As i need my connected sets to be closed i need closed intervals (singletons are already closed)
Choose $A=\{a\}$ for $a\neq 0$...
If we want $A$ to be subgroup then we need $\{na : n\in \mathbb{Z}\}\subset A$ which is not possible
Thus, only closed connected singleton is $\{0\}$
Now choose $A=[a,b]\subset \mathbb{R}$.. As $b\in [a,b]$ and if we want this to be subgroup we need $\{nb : n\in \mathbb{Z}\}\subset A$ which is not possible.
Thus there is no bounded closed connected subgroup...

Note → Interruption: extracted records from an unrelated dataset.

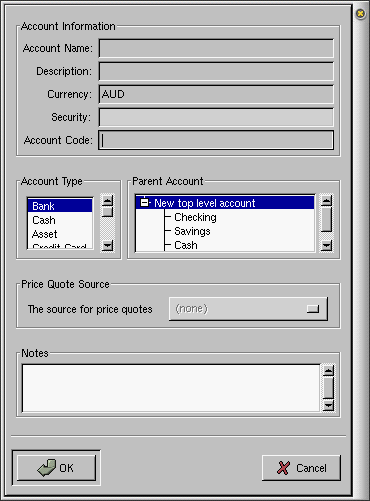 The picture below shows an example for a stock or currency trading account. Note that the Security field is not grayed out, and that you can enter a value. That value is typically a three-letter ISO currency code.
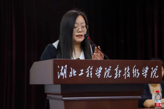 湖北米开罗那机电技术有限公司代表曹小梅女士讲话。她对持续关注和支持湖北米开罗那机电技术有限公司的公司领导和老师们表示感谢,并对获奖的同学表示热烈的祝贺。曹小梅女士介绍了公司的经营模式和发展现状,并表示公司将继续关注公司人才培养工作。
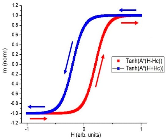 The simulated m–H loop based on ] (HC is the coercive force) with a sine-wave input current. Two tanh values are used, and a horizontal shift is applied to each branch to obtain hysteresis.
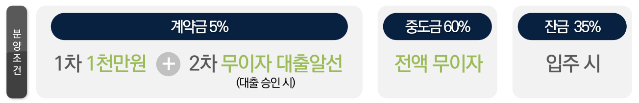 ✔ 계약금 5% (1차 1,000만 원만 선납) ✔ 중도금 60% 전액 무이자 ✔ 잔금 35%는 입주 시 납부
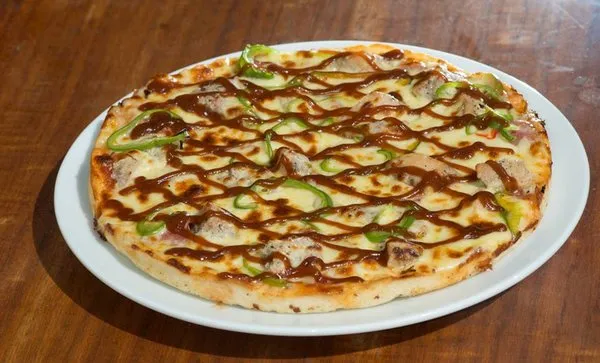 Smoked beef, smoked turkey, mozzarella, green pepper, black olives with pizza sauce
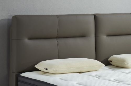 ??東寶床墊這款皮床外觀清新,造型簡(jiǎn)潔,在現(xiàn)代臥室中讓人眼前一亮。八個(gè)金屬高床腳,擁有12公分的床底高度,簡(jiǎn)潔中帶有一分輕奢感。 ??它的靈感來(lái)源于極簡(jiǎn)理念,沒(méi)有鮮艷的色彩,沒(méi)有繁雜的線條裝飾,柔和的莫蘭迪灰,給人一種安靜、清新的空間氛圍。
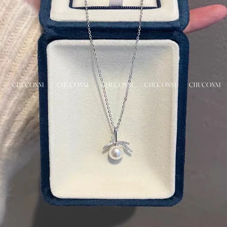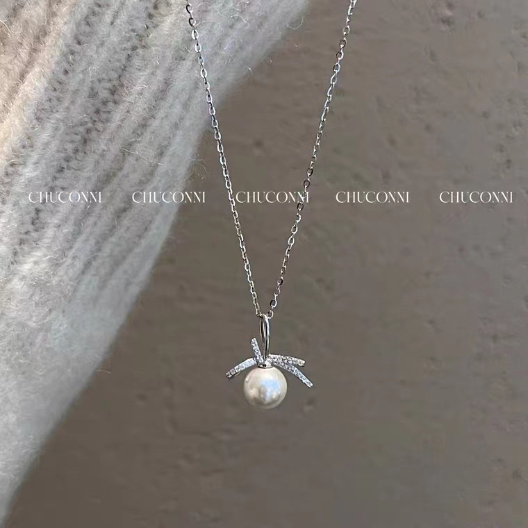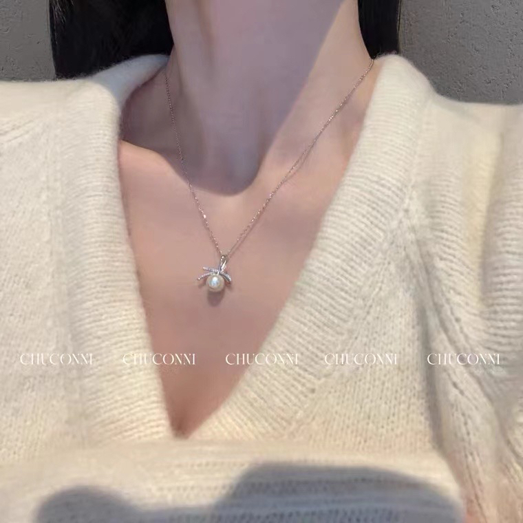 很闪亮! 韩国|925纯银 推荐款 蝴蝶结珍珠项链!妥妥的少女款
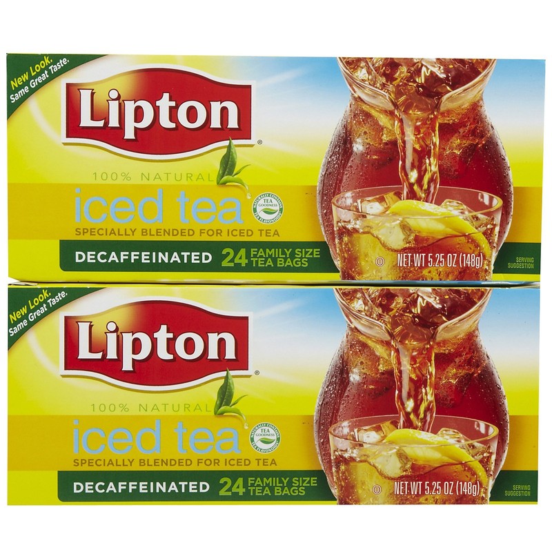Lipton Iced Tea Decaffeinated, Family Size Tea Bags, 24 Count, Pack of 2
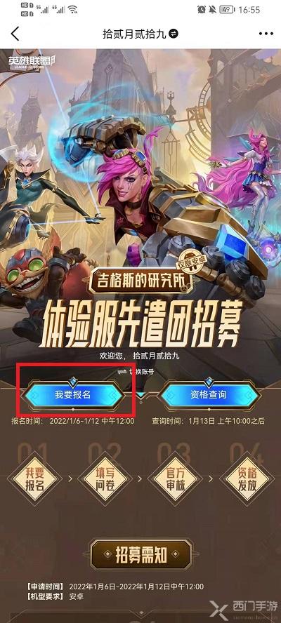 3、点击后进入LOL手游体验服申请界面,在这里点击【我要报名】选项,然后填写问卷提交,之后等待名单出来之后点击“资格查询”即可。
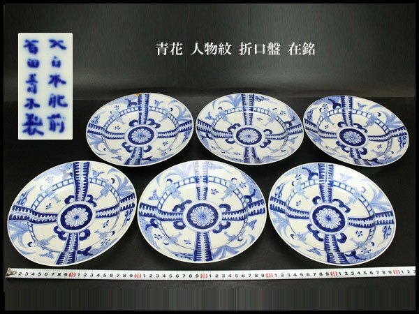 - 【銀閣】青花 人物紋 折口盤 φ21cm 六件 在銘 旧家蔵出 送料無料(F85)
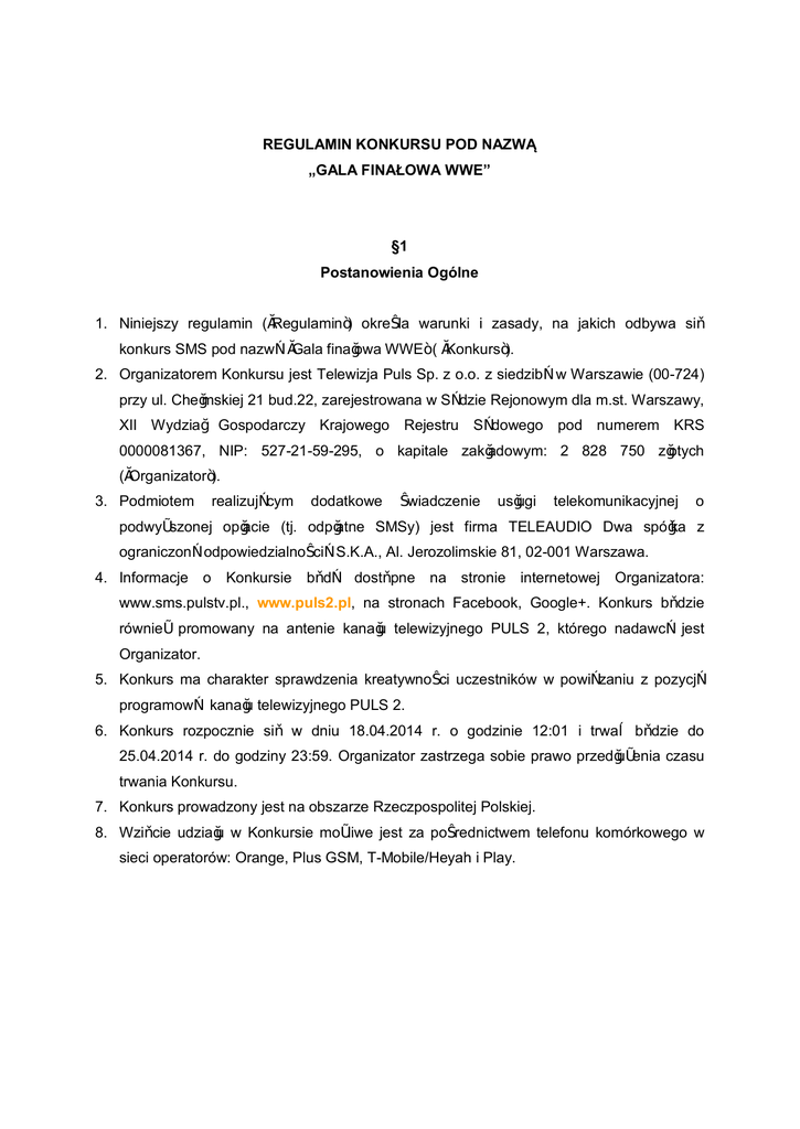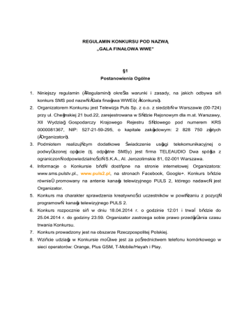 REGULAMIN KONKURSU POD NAZWĄ „GALA FINAŁOWA WWE” §1 Postanowienia Ogólne 1. Niniejszy regulamin („Regulamin”) określa warunki i zasady, na jakich odbywa się konkurs SMS pod nazwą „Gala finałowa WWE” ( „Konkurs”). 2. Organizatorem Konkursu jest Telewizja Puls Sp. z o.o. z siedzibą w Warszawie (00-724) przy ul. Chełmskiej 21 bud.22, zarejestrowana w Sądzie Rejonowym dla m.st. Warszawy, XII Wydział Gospodarczy Krajowego Rejestru Sądowego pod numerem KRS 0000081367, NIP: 527-21-59-295, o kapitale zakładowym: 2 828 750 złotych („Organizator”). 3. Podmiotem realizującym dodatkowe świadczenie usługi telekomunikacyjnej o podwyższonej opłacie (tj. odpłatne SMSy) jest firma TELEAUDIO Dwa spółka z ograniczoną odpowiedzialnością S.K.A., Al. Jerozolimskie 81, 02-001 Warszawa. 4. Informacje o Konkursie będą dostępne na stronie internetowej Organizatora: www.sms.pulstv.pl., www.puls2.pl, na stronach Facebook, Google+. Konkurs będzie również promowany na antenie kanału telewizyjnego PULS 2, którego nadawcą jest Organizator. 5. Konkurs ma charakter sprawdzenia kreatywności uczestników w powiązaniu z pozycją programową kanału telewizyjnego PULS 2. 6. Konkurs rozpocznie się w dniu 18.04.2014 r. o godzinie 12:01 i trwać będzie do 25.04.2014 r. do godziny 23:59. Organizator zastrzega sobie prawo przedłużenia czasu trwania Konkursu. 7. Konkurs prowadzony jest na obszarze Rzeczpospolitej Polskiej. 8. Wzięcie udziału w Konkursie możliwe jest za pośrednictwem telefonu komórkowego w sieci operatorów: Orange, Plus GSM, T-Mobile/Heyah i Play. §2 Uczestnicy Konkursu 1. Uczestnikiem Konkursu jest osoba fizyczna, która ukończyła 18 rok życia lub posiada pisemną zgodę przedstawiciela ustawowego na uczestnictwo w Konkursie, spełnia wszystkie wymogi wynikające z niniejszego Regulaminu oraz przystąpiła do Konkursu przez dokonanie czynności określonych w § 3 ust. 1 Regulaminu („Uczestnik”). 2. W Konkursie nie mogą brać udziału pracownicy Organizatora i TELEAUDIO DWA Spółka z ograniczoną odpowiedzialnością Spółka Komandytowo Akcyjna, oraz krewni pracowników wymienionych spółek w linii prostej i w bocznej. Powyższy warunek zwycięzca Konkursu potwierdza przed odbiorem wygranej. 3. W przypadku uczestnictwa w Konkursie, wbrew ograniczeniom określonym w pkt. 2, osoby te nie nabywają prawa do nagrody, a jeżeli fakt podlegania wspomnianym wyżej ograniczeniom zostanie ujawniony po odebraniu nagrody, zobowiązane są nagrodę zwrócić. 4. Przystąpienie do Konkursu jest równoznaczne z akceptacją przez Uczestnika Regulaminu w całości i Uczestnik zobowiązuje się do przestrzegania określonych w nim zasad, jak również potwierdza, iż spełnia wszystkie warunki, które uprawniają go do udziału w Konkursie. §3 Przebieg Konkursu 1. Aby wziąć udział w Konkursie należy w dniach od 18.04.2014 r. od godziny 12:01 do 25.04.2014 r. do godziny 23:59 wysłać SMS pod numer 7243 (2zł/2,46zł z VAT) o treści Puls.A, Puls.B, Puls.C, lub Puls.D. 2. Po wysłaniu SMS, o którym mowa w ustępie poprzedzającym Uczestnik otrzyma od Organizatora wiadomość SMS z finałowym pytaniem konkursowym dotyczącym rozgrywek WWE(„Zadanie/Pytanie finałowe”). 3. Odpowiedzi na Zadanie/Pytanie Finałowe należy udzielać po jego otrzymaniu i zaznajomieniu się z jego treścią za pomocą SMS pod numer 7243 (2zł/2,46zł z VAT). Liczba znaków ze spacjami w wiadomości SMS nie powinna przekraczać 160 znaków oraz nie należy używać polskich znaków. 4. Po udzieleniu odpowiedzi na Zadanie/Pytanie podziękowanie za skorzystanie z serwisu. finałowe Uczestnik otrzyma 5. Spośród odpowiedzi na Zadanie/Pytanie Finałowe komisja konkursowa złożona z 3 przedstawicieli Organizatora („Komisja Konkursowa”) wyłoni 11 osób uprawnionych do nagród, w tym jednego laureata nagrody głównej, spośród tych Uczestników Konkursu, którzy przesłali odpowiedzi na Zadanie/Pytanie Finałowe, uznane przez Komisję Konkursową za najlepsze, najbardziej oryginalne („Zwycięzcy”). 6. Podstawowe kryteria oceny Zadania/Pytania Finałowego są następujące: pomysłowość, zwięzłość i oryginalność odpowiedzi. 7. Komisja Konkursowa ma prawo nie przyjąć odpowiedzi niezgodnych z Zadaniem/Pytaniem Finałowym zawartym w SMS. 8. Jednemu Uczestnikowi Konkursu Komisja Konkursowa może przyznać tylko jedną nagrodę, bez względu na wysłaną liczbę SMS-ów konkursowych. 9. Zwycięzcy zostaną wyłonieni i poinformowani o tym fakcie za pośrednictwem SMS w terminie 5 dni roboczych od daty zakończenia Konkursu. 10. W celu przekazania nagród Zwycięzcy po otrzymaniu SMS z informacją o wygranej, są zobowiązani wysłać za pomocą wiadomości SMS swoje pełne dane osobowe niezbędne do przekazania nagrody (tj. imię, nazwisko, adres, na który na zostać wysłana nagroda czyli: ulica, nr domu/mieszkania, kod pocztowy, miejscowość) pod numer 7057 (koszt: 0,50zł netto/0,62zł brutto) poprzedzając swoje dane prefixem DANE w ciągu 24 godzin od otrzymania wiadomości SMS informującej o przyznanej nagrodzie. Podanie danych osobowych jest dobrowolne. 11. W celu przekazania nagród, nagrodzeni Zwycięzcy, którzy nie przekażą swoich danych osobowych zgodnie z ust. 10, są zobowiązani podczas rozmowy telefonicznej z przedstawicielem Organizatora Konkursu podać swoje dane osobowe niezbędne do przekazania nagrody (imię, nazwisko, adres, na który na zostać wysłana nagroda, tj: ulica, nr domu/mieszkania, kod pocztowy, miejscowość). Podanie danych osobowych jest dobrowolne. Próba uzyskania połączenia ze Zwycięzcami nastąpi po zakończeniu Konkursu. 12. W przypadku nie uzyskania danych osobowych Zwycięzców w trybie ust. 14 lub 15, własność nagrody przechodzi na Organizatora. 13. Wyniki Konkursu zostaną opublikowane w terminie do 6.05.2014r. na stronie internetowej Organizatora: www.sms.pulstv.pl. §4 Nagrody 1. Nagrodami w konkursie 
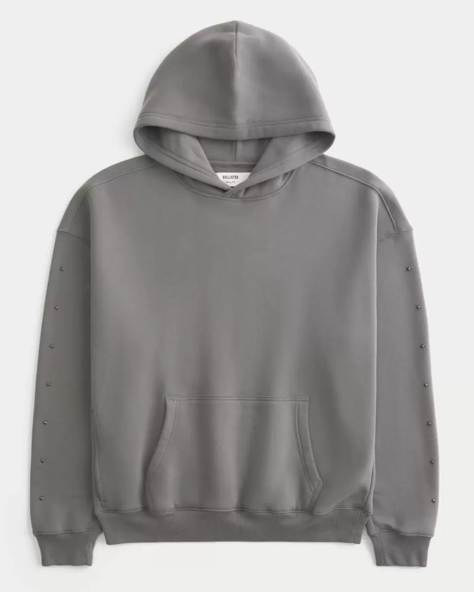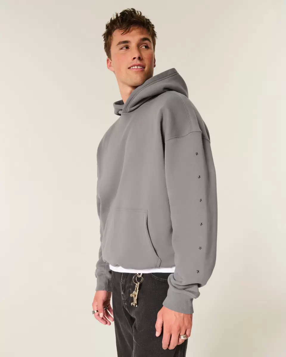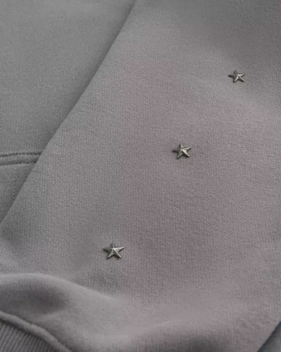 A super soft fleece hoodie featuring star details. Front pouch pocket, long sleeves, hood. Boxy Fit. Imported.

So, only closed connected subgroups of $\mathbb{R}$ are $\{0\}$ and $\mathbb{R}$
I am not very sure about how should i deduce about closed connected subgroups of $\mathbb{R}^n$..
I somehow guess that only such subgroups are $\{0\}$ and $\mathbb{R}^n$ but i am not sure..
I would be thankful if some one can give some hints to workout this..
EDIT :
I have tried to show that this is indeed a subspace..
For $H$ a closed connected subgroup of $\mathbb{R}^n$ Suppose $x,y\in H $ then as $H$ is a subgroup $ax\in H$ and $by\in H$
Then i immediately wanted to write $ax+by\in H$ (hoping that closed and connected implies path connected ) which would imply $H$ is a subspace and everything would go so smoothly as there are only finitely many subspaces..
But then i realized closed and connected does not imply path connectedness...
I do not know how to proceed.
Perhaps this is an overkill, but you can prove this with Lie theory: The Lie algebra of $\mathbb{R}^n$ is $\mathbb{R}^n$, and the exponent is the identity. If $G$ is a closed connected subgroup then its Lie algebra $\mathfrak{g}$ is a subspace of $\mathbb{R}^n$ and $\exp\mathfrak{g}=\mathfrak{g}$ generates $G$. But $\mathfrak{g}$ is already a subgroup of $\mathbb{R}^n$, so $G=\mathfrak{g}$ and it is a subsapce.